The next step is to investigate the implications of our set of guiding descriptives in the structural or dimensional context of space and time. We need to look at the relationships between Experts and Programming, between Data, Control and Physical Structure, the Character of the Processing itself, and the usual Requirement for Inversion.
In conventional computation, the processing depends on a predetermined set of sequential instructions or a currently applicable set of rules. Successful programming or rule design is confirmed by more or less complete testing; the program is run in a controlled environment, and the relation between inputs and outputs is checked by an expert in the field (figure 5). If the relation is satisfactory the program is accepted, and if not then it is corrected and re-tested.
Figure 5: Program creation and testing
Unfortunately, the same kind of expertise appears here twice, once in the programmation and once in the acceptance procedure. This brings with it great accuracy in areas which are closely related to the testing procedures, but the imposed consecutive assumptions that (1) the physical structure of the computer is error-free, and that (2) the program controlling the data manipulation is error-free, are in some cases catastrophically destructive of accuracy. In such (commonly occurring) cases a controllable degree of normal uncertainty would be much more acceptable than normally high accuracy and occasional disaster. Small errors are more user-friendly than large ones!

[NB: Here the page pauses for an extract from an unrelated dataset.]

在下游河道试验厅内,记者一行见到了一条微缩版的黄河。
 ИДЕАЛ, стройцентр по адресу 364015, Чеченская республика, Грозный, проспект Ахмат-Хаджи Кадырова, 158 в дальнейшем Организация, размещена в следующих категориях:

The data-transport medium and the control-transport medium should at the very least be capable of bi-directional interaction. Classically, the application of control results in data-manipulation, which generates new data, which through conditional jumps can influence the control. If the data- and control- transport media are identical, then in the absence of a physically structured environment constraining their interactions the data and control are indistinguishable. Ideally, in a data-based structure, control and static architecture should be integrated into a purely dynamic form which disappears in the absence of data.

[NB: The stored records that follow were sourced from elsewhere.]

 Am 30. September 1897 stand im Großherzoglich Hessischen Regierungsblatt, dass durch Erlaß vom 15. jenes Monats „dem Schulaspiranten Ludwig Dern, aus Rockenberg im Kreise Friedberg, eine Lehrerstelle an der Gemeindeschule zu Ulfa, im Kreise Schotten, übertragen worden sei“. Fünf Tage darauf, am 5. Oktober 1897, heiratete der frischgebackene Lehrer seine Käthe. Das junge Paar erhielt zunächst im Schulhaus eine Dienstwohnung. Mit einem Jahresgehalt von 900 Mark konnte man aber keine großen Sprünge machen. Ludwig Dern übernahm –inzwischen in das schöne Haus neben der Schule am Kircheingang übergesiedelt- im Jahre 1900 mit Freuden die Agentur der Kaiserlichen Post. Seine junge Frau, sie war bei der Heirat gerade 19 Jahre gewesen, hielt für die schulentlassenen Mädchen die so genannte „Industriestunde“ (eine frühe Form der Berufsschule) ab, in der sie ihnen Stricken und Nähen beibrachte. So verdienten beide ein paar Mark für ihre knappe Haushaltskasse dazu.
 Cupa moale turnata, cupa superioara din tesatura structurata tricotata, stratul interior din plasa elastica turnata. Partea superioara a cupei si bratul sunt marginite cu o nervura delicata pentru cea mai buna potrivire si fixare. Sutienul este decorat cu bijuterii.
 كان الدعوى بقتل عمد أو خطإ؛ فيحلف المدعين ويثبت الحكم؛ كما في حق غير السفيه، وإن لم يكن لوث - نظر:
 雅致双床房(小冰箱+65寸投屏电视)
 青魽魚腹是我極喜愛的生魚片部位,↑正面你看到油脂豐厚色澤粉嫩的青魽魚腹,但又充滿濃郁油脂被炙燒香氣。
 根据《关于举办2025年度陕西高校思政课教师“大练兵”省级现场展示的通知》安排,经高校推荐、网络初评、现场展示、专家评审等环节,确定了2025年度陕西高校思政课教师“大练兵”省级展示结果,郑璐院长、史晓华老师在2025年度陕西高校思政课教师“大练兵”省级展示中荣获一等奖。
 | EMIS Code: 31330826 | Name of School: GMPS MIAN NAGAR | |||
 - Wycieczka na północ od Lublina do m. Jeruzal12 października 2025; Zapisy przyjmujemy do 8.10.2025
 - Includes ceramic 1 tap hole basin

The requirement in relational operations for conservation of data redefines this processing as a rearrangement of existing data. In the simple example of a planar pixeled binary image which passes through a processing plane to give a new planar pixeled binary image, the total information present in each of the two image planes must be the same. Any required pixel in the output plane must then be derived from a possibly spatially unrelated pixel in the input. This requires non-local connection between all of the input/output pairs in the processing plane, or totally distributed processing. This is illustrated for a simple one-dimensional case in figure 6, where the input and output images have each 20 pixels. The input plane has 60 units of information equally distributed, and the output is the result of some arbitrary processing function; the total information present in the output is the same as that in the input. In such a scheme individual inputs and outputs are no longer uniquely linked, and the complete image must be processed in a unified manner. It would not appear possible to carry out such an operation using discrete pixelated processing elements or devices.

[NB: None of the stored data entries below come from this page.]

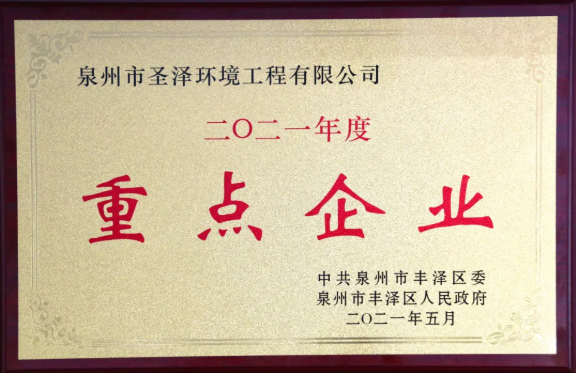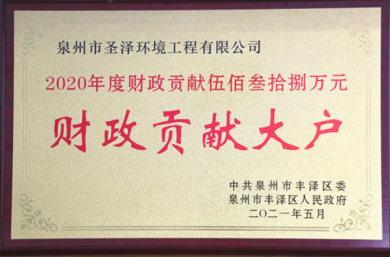 近日,太阳成集团tyc33455cc旗下泉州市圣泽环境工程有限公司被中共泉州市丰泽区委、区政府授予2020年“财政贡献大户”、2021年“重点企业”称号。
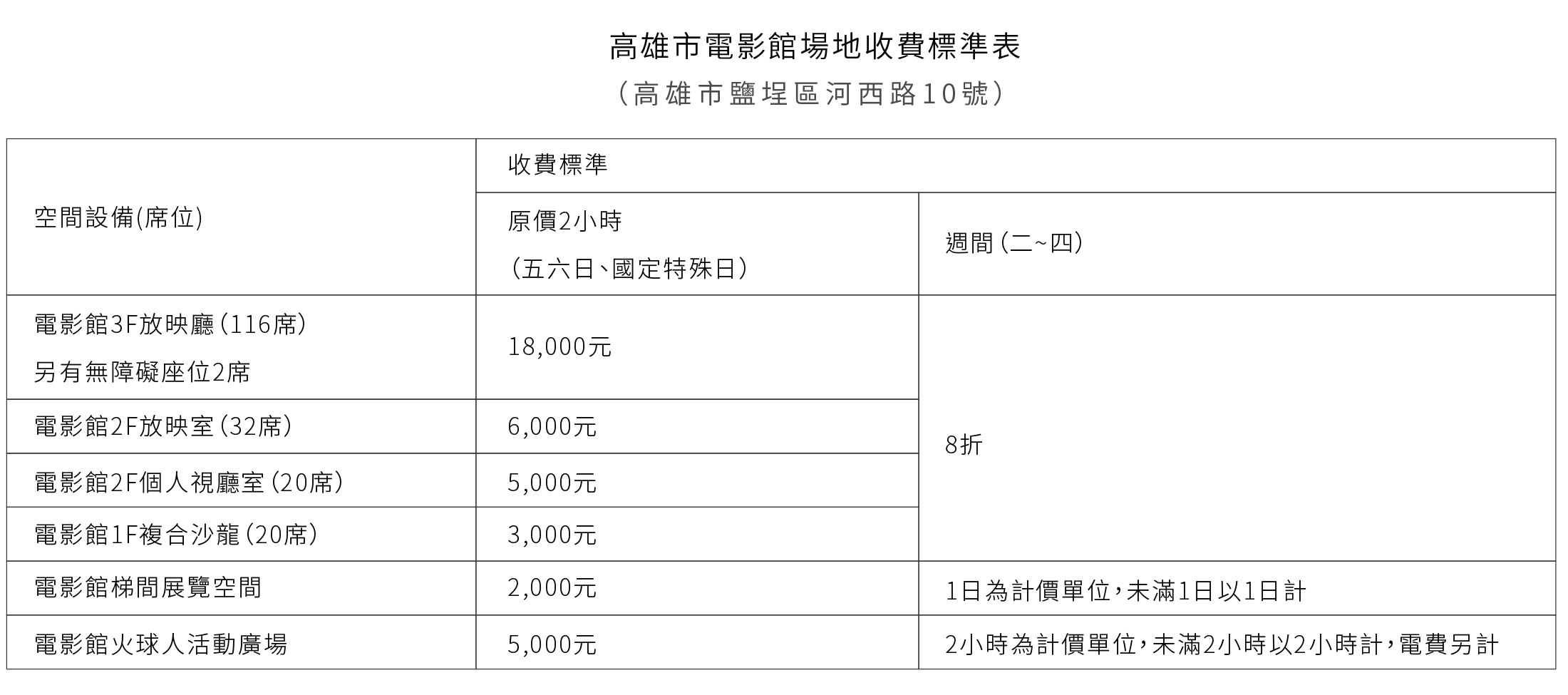 ✯ 團體優惠票/團劃包廳亦可至臨櫃申辦高雄市電影館會員。
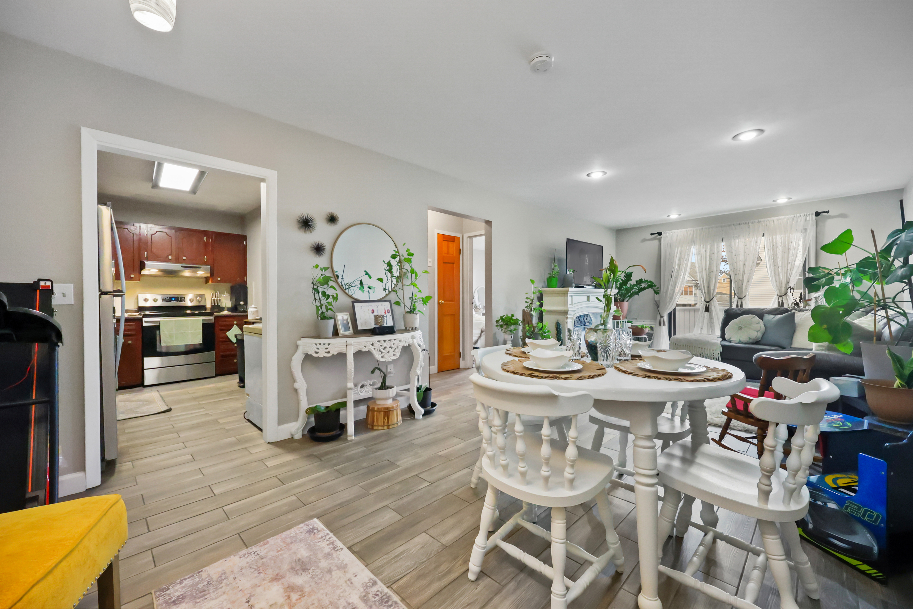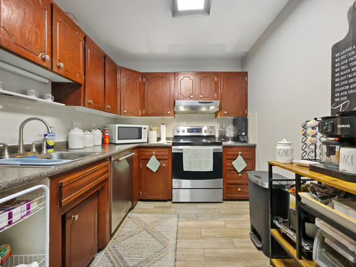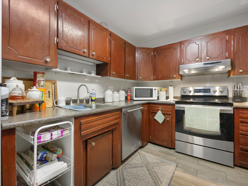 Cute & cozy ranch-style condo in a smaller well-kept complex, ideally located in Bridgeport's desirable North End. Enjoy close proximity to Sacred Heart University, the University of Bridgeport, major highways, and the train station-perfect for commuters. This adorable unit features a bright living room with sliders leading to a private deck, a dining area, a spacious bedroom, a well-appointed kitchen, and a full bathroom. Recent upgrades include new flooring throughout, plush bedroom carpeting, newer stainless steel kitchen appliances, and a brand-new A/C wall unit (2025). The bedroom A/C unit was also replaced within the last five years. The complex offers on-site laundry, private storage, and secure garage parking. Common charges conveniently cover heat, hot water, sewer usage, and insurance, keeping costs low making this unit very affordable. Investor-friendly with no rental restrictions, and pets are welcome. Move right in and enjoy low-maintenance living in a fantastic location!
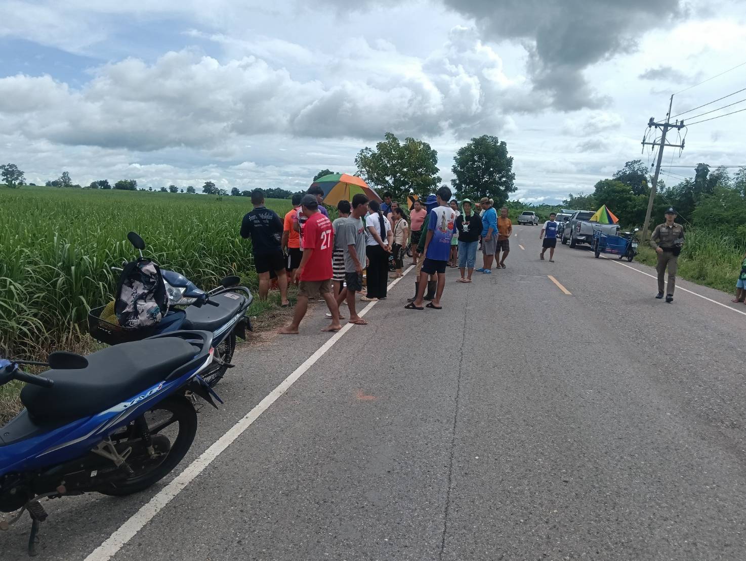 รับแจ้งมีอุบัติเหตุรถมอเตอร์ไซค์เฉี่ยวชนกันเองบริเวณถนนทางเข้าหมู่บ้านหนองดง
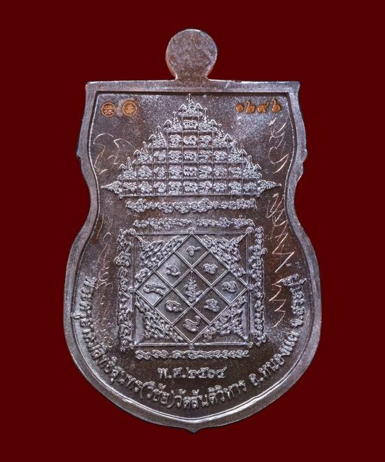 เหรียญหลวงพ่อสำเร็จศักดิ์สิทธิ์ รุ่นสำเร็จสมปรารถนา เนื้อนวะหน้ากากเงิน พระครูปลัดวิชัย วัดสันติวิหาร สระบุรี แดงเคาะแรก
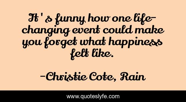This page presents the quote "It's funny how one life-changing event could make you forget what happiness felt like.". Author of this quote is Christie Cote, Rain. This quote is about teen, cancer, contemporary, leukemia, romance, realistic-fiction, young-adult,.
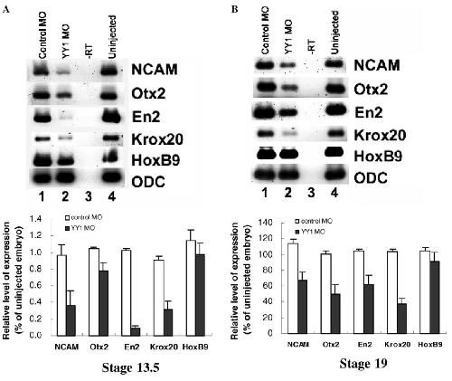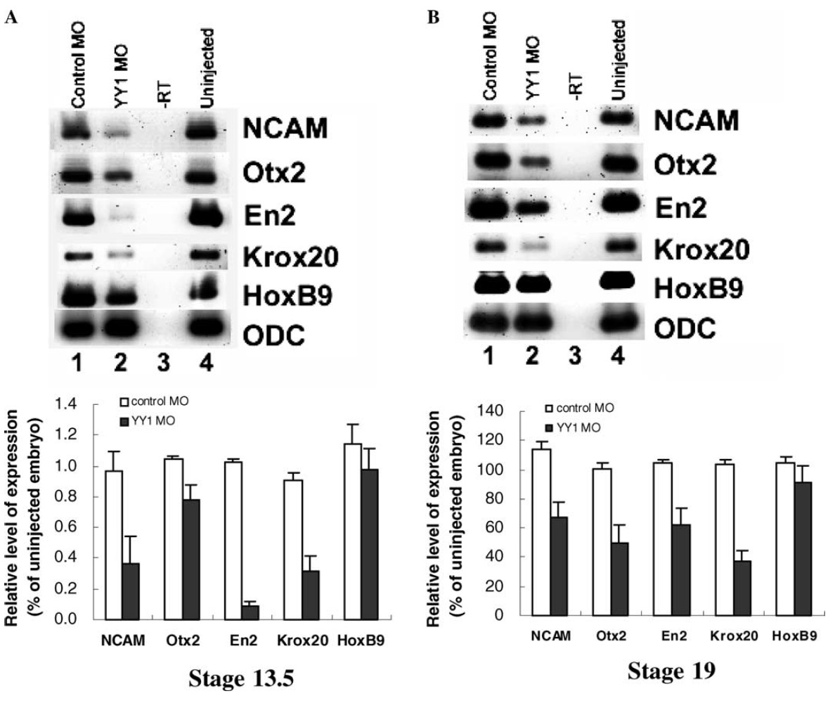 embryos (lane 2), and uninjected embryos (lane 4) by quantitative RT-PCR assay at stage 13.5 (A) and stage 19 (B). XYY1 MO was injected into both

Figure 6: A simple distributed processing example
In such a distributed processing plane the correctness of the resulting pixel array depends on the number of input/output pixel pairs. The probability of being able to generate a totally correct output array for any arbitrary processing function increases rapidly with the number of pixels involved. With only one pixel in each of the input and output there is only one possible processing result; some functions will require forward transmission of the input pixel, which is always available, but others will require inversion, which is impossible. Even with large pixel arrays, there is the possibility that output information densities will be required which differ from the input densities, but such cases appear always to be associated with decision-making processes and not with interrelationships.
The combination of large-scale totally distributed processing and data-conservation removes the usual computational requirement for discrete inverting devices. Inversion is only required if lateral processing access is limited, as is the case for conventional Boolean gates and discrete-neuron neural networks.
A simple if very restricted example of discrete element distributed processing is provided by a winner-takes-all circuit, as shown in figure 7.
Figure 7: Simple distributed processing in a ``winner takes all'' circuit
The input summation must rise above the circuit's threshold value, the output
summation
is fixed at unity, and the processing-plane must be completely laterally
connected
for the circuit to operate correctly.
The winning output is equivalent to a (possibly scaled) forward transfer
of the
input, and all the other outputs give an inversion.